▶ [SUPPLIED RECORDS]
--------------------
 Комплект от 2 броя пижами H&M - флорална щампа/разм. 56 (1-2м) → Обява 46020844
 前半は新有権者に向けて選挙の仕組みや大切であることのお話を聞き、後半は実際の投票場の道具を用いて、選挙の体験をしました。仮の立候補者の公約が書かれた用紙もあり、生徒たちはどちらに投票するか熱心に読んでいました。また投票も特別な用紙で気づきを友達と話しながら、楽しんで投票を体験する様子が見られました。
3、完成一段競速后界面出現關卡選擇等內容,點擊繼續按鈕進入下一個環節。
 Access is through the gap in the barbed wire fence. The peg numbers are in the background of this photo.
--------------------
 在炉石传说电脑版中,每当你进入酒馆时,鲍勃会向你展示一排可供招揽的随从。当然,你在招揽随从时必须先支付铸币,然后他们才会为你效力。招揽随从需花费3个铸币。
--------------------
Transcribe the lines above between the line holding "3、完成一段競速后界面出現關卡選擇等內容,點擊繼續按鈕進入下一個環節。" and the line holding "Access is through", inclusive, exactly as they stand and with nothing added.

3、完成一段競速后界面出現關卡選擇等內容,點擊繼續按鈕進入下一個環節。
 Access is through the gap in the barbed wire fence. The peg numbers are in the background of this photo.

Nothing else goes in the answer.